Altra novità dell’edizione numero due di Virtuoso & Belcanto, i “salotti musicali” affidati a Guido Zaccagnini, storica voce di Radio 3 Rai, che coinvolgeranno artisti e pubblico in interessanti eventi dedicati ai protagonisti del Festival in piazze, locali e residenze storiche della città. Dal 24 luglio al 5 agosto si svolgerà il Festival strumentale, articolato in: corsi di perfezionamento dedicati a pianoforte, violino, viola, violoncello, contrabbasso e musica da camera, tenuti da artisti di fama internazionale; concorsi di violino, violoncello, pianoforte e musica da camera riservati agli studenti iscritti, i cui vincitori saranno premiati con borse di studio, fra cui quella per il miglior quartetto d’archi offerta dal Centro di Produzione Musicale Animando, un violino del liutaio lucchese Fabio Piagentini e il debutto concertistico in Cina per il vincitore del concorso pianistico (il vincitore dell’edizione 2016, Yannick Van de Velde, ha suonato lo scorso dicembre all’interno dello Shangai Himalayas International Piano Festival); una ricchissima programmazione concertistica.

 

Il Teatro ospiterà alcuni dei concerti ma soprattutto supporterà il Festival dal punto di vita logistico e organizzativo.  “Il Giglio è il crocevia delle attività musicali e culturali della città – ha ricordato Ragghianti – e anche se gran parte degli eventi non si svolgono in teatro ma in giro per la città noi saremo fortemente impegnati in questo progetto, e per questo mi sento di ringraziare tutto il personale.

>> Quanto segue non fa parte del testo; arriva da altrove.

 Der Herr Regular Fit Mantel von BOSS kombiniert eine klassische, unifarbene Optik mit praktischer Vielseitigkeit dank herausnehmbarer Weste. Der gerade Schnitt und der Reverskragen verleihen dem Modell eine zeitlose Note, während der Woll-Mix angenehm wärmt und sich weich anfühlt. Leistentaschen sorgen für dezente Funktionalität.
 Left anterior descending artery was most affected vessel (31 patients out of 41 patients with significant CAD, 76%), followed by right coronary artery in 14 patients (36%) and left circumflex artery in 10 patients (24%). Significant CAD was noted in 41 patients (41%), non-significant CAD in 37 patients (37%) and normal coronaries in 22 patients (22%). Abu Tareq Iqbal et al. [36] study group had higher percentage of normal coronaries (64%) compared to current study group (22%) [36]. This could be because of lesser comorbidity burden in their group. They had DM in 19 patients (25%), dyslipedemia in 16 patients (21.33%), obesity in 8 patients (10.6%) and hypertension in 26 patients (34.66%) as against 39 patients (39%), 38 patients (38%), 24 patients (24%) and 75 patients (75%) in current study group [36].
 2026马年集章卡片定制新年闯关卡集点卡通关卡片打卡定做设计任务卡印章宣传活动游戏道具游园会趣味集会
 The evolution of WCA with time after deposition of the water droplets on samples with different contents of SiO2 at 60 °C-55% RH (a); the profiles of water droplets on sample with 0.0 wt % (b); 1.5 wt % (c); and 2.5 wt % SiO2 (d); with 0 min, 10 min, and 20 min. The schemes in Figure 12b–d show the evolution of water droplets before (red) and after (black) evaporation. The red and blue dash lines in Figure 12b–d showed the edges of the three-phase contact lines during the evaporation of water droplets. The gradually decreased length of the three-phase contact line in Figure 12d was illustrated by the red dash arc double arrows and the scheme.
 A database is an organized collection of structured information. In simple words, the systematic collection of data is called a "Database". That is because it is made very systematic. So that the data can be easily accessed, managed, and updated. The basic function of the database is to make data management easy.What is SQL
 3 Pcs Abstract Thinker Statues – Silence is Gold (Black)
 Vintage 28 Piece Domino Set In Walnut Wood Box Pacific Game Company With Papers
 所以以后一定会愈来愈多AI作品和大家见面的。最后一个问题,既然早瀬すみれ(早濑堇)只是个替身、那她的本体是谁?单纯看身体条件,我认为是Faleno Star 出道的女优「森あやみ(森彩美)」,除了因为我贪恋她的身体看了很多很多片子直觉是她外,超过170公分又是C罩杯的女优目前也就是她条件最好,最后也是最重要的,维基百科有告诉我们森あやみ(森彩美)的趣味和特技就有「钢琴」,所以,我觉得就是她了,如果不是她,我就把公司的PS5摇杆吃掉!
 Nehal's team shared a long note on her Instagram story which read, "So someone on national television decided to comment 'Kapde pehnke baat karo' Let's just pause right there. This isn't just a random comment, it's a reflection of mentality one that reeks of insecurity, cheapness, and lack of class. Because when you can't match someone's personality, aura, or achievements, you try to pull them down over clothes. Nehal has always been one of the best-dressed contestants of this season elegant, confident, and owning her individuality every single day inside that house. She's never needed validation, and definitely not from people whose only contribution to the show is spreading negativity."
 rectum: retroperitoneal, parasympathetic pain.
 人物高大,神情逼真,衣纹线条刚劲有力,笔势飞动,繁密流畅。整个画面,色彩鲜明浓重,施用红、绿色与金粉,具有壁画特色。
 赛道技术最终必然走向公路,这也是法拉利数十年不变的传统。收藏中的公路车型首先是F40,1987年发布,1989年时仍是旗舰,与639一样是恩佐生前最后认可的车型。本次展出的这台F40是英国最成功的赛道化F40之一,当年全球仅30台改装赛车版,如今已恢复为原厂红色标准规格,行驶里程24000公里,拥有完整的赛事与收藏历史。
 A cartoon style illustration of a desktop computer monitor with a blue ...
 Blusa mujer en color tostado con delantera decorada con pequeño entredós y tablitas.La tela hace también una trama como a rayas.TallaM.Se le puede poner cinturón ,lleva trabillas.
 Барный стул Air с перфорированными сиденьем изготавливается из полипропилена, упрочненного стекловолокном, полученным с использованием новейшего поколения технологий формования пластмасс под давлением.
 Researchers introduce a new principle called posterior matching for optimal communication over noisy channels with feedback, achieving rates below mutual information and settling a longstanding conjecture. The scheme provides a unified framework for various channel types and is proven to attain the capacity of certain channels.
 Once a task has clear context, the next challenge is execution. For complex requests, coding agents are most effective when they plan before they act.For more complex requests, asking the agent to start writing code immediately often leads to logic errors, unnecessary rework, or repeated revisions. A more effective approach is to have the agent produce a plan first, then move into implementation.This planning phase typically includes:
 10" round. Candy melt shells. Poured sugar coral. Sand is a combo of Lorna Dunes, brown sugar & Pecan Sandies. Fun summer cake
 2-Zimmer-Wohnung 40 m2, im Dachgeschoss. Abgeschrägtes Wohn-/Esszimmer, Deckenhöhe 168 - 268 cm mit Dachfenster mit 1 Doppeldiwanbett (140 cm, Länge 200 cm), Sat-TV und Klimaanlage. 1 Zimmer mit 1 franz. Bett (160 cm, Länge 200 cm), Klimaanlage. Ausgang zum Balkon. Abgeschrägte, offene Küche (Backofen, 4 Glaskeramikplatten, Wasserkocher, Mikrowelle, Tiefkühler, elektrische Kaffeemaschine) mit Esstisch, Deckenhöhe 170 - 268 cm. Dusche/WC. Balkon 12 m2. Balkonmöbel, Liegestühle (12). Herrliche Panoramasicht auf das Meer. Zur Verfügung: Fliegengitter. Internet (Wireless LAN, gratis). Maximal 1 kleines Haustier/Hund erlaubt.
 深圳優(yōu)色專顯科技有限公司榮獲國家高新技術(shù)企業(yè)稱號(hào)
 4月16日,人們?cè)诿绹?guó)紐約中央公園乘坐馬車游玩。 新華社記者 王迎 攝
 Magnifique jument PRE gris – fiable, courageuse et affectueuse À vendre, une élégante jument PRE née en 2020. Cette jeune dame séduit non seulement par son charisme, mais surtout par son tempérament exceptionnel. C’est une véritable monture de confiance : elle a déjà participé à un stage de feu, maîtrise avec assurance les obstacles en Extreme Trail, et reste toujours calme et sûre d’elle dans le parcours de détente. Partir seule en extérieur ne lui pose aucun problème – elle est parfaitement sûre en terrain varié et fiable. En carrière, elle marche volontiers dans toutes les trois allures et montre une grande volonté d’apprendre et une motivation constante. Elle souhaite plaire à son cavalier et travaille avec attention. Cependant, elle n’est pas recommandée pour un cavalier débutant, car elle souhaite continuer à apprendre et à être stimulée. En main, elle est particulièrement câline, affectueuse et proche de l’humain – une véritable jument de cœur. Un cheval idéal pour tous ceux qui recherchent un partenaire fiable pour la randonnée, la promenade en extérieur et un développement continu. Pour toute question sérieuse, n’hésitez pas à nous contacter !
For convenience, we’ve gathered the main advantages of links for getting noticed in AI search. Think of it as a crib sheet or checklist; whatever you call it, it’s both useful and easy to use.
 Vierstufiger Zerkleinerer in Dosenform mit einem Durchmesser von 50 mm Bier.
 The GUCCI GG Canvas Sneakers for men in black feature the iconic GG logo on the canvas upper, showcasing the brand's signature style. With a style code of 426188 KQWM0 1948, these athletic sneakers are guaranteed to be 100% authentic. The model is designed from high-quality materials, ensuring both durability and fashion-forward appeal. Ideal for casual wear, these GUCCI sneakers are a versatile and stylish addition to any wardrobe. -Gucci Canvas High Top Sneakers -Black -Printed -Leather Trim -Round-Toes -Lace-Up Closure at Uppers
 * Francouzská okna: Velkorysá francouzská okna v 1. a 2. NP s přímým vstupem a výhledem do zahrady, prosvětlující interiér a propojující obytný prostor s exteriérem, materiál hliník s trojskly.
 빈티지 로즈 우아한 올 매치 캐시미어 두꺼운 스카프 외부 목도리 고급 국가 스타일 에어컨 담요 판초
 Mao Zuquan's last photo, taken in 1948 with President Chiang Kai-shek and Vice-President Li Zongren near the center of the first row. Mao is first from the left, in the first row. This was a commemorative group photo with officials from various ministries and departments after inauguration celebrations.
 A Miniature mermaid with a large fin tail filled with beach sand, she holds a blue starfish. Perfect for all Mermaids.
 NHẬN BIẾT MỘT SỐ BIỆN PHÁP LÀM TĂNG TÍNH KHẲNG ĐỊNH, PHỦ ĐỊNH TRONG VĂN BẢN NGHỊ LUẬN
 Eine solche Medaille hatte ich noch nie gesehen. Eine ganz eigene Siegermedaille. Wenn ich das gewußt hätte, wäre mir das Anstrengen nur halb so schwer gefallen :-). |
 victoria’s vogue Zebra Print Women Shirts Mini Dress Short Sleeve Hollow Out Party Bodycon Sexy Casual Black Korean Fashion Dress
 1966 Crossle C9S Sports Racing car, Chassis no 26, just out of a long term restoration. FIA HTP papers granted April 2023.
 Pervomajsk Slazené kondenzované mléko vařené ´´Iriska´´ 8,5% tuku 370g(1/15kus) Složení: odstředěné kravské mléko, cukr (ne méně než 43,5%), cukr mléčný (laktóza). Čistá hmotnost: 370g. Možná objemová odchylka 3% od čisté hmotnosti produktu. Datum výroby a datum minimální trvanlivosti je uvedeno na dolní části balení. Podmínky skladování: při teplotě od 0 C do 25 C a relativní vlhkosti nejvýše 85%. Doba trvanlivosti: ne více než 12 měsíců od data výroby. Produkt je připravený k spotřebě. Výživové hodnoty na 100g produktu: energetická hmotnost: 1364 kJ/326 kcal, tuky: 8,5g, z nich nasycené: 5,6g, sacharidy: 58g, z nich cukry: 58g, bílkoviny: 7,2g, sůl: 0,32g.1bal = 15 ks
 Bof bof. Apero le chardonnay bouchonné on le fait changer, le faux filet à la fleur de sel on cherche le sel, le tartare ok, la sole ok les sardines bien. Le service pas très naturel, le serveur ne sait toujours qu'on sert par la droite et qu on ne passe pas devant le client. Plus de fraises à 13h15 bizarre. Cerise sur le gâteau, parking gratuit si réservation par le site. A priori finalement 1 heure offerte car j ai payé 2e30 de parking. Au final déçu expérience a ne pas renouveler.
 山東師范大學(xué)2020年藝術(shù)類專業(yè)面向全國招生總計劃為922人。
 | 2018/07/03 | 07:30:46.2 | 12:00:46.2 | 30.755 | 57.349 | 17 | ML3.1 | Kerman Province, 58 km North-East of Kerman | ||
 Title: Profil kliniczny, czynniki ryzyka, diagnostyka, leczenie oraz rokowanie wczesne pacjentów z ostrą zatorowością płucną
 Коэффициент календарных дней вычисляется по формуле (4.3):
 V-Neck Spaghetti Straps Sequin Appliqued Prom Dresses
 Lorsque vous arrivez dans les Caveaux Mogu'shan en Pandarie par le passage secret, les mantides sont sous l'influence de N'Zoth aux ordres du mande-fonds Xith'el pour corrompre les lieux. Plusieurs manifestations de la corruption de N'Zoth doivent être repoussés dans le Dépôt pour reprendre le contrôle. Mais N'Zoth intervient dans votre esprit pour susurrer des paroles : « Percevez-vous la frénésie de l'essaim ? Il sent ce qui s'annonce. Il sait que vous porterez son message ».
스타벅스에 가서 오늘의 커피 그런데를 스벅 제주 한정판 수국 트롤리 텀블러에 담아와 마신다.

Si tratta di un grande tentativo di destagionalizzare la nostra attività del nostro teatro, trovando spazi alternativi durante la stagione estiva”.

 

Per l’edizione 2017, è confermata la presenza dei due ensemble di residenza, l’Orchestra da Camera Norvegese 1B1 e il Trio Voces Intimae, e di musicisti quali Boris Berman, Benjamin Schmid, Weiyi Yang, Marian Hahn, Jan Bjøranger, Luigi De Filippi, Maria Solozobova, Paul Cortese, Lars Anders Tomter, Sandro Meo e Riccardo Cecchetti. Fra i nuovi artisti ospiti, il leggendario Bruno Giuranna, il direttore artistico e leader della più importante Orchestra da Camera USA, la St. Paul Chamber Orchestra, Kyu-Young Kim, il direttore artistico della Scuola di Musica di Fiesole e del Concorso internazionale di quartetto d’archi di Bordeaux, Alain Meunier, il direttore artistico del Festival di Stavanger, Christian Ihle Hadland. Saranno inoltre ospiti altri importanti musicisti quali Torleif Thedéen, Eszter Haffner, Yejin Gil, Ilmari Hopkins, insieme ai docenti del nuovo ed innovativo programma dedicato al contrabbasso Alberto Bocini, Gabriele Ragghianti e Ivan Zavgorodniy.